Special note 1 is an active lvm snapshot of the other -- meaning it is
frozen in time, but otherwise should look identical the the file system
as it was when it was snapped.
Sooo... a way of speeding checks is finding out what blocks allocated to the indoes
are different, since as the new volume gets used, I had hoped that differing
block numbers might give me a clue as to what had changed..
Differing block maps for the same inode on the two filesystems will give you a
clue that there are changes but it isn't perfect:
Consider xfs_fsr. This might change block numbers for a file but the contents
stayed the same.
----
Yeah -- I figured out the downsides (like a rewrite -- but I was going
to try to use the mtime/filesize and block allocs to indicated stuff...
But neverthless-- it wouldn't be perfect, so sorta a moot point.

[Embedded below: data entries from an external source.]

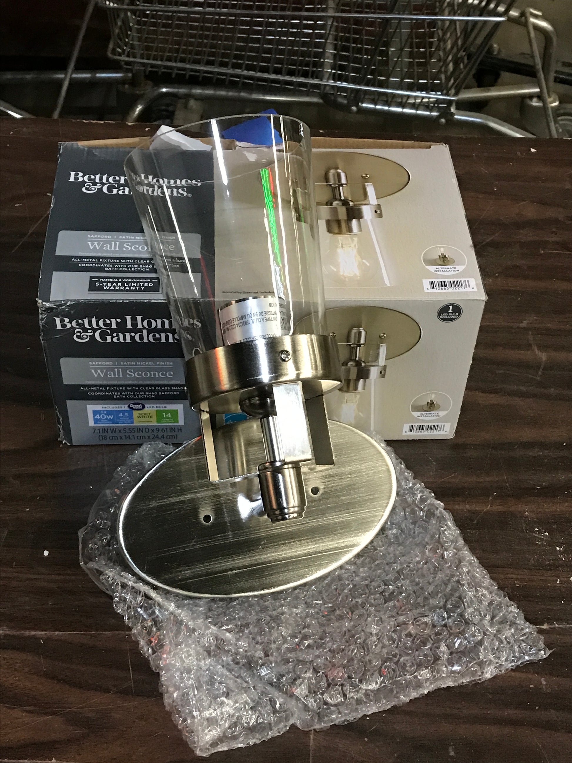 Description : 1light satin Nickel wall sconce, all metal fixture with clear glass shade.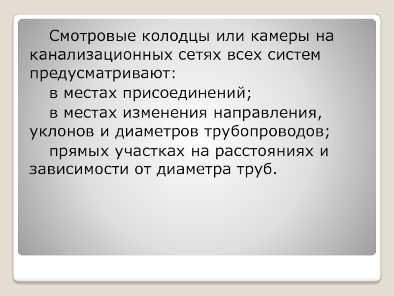 Слайд 16Смотровые колодцы или камеры на канализационных сетях всех систем предусматривают: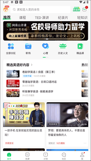 网易公开课app官方版是一款非常受欢迎的学习教育软件,这里拥有海量的学习资料,来自于世界上众多知名学校,如北京大学,清华大学,牛津大学,中国人民大学等,覆盖了众多学习课程,语言文学,人文历史,哲学与宗教,计算机信息,经济管理,基础科学等,用户可以根据自己的情况进行选择。并且这里的视频都是免费的,用户可以自由观看,并且还支持视频离线下载,让用户可以随时随地进行观看学习,不用担心网络的问题而影响学习。

What I really need is to look at the block mappings of the underlying lvm --
and see what parts of the FS have been changed due to 'COW'....o
What i'm doing is taking successive daily snapshots that overlap each other and
picking up the differences and putting them into a tiny static volume I'll probably
keep around for a few weeks.
The reason -- is that when mounted under a 'special dir', @GMT-time/date,
Windows will see those "differences" as previous versions of the files --
unlike the windows version, it keeps active snapshots going... lvm isn't quite
so efficient to keep them going for weeks or so.. so I'm only keeping "sparse"
trees of the differences.
The RUB in all of this is making the "difference" -- rsync takes anywhere
from 80-100 minutes running local-local using no compression, and telling it to
NOT try to checksum diffs, or send differences - but whole files only... (as
anything that would do a checksum of the file will take longer than actually
copying the file 2-3 times. It's a 1T partition with usually .8-2.5GB of
change/day. I figure anything would be faster than rsync, which is why
I'm trying to build up a diff-detector.
The resulting 'diff' only takes 30-100 seconds in 'cp' -- that's how little data
is usually there... So I figured if any inodes or blocknumbers or sizes or
timestamps
change, that would be a good basis for finding any builk of changes.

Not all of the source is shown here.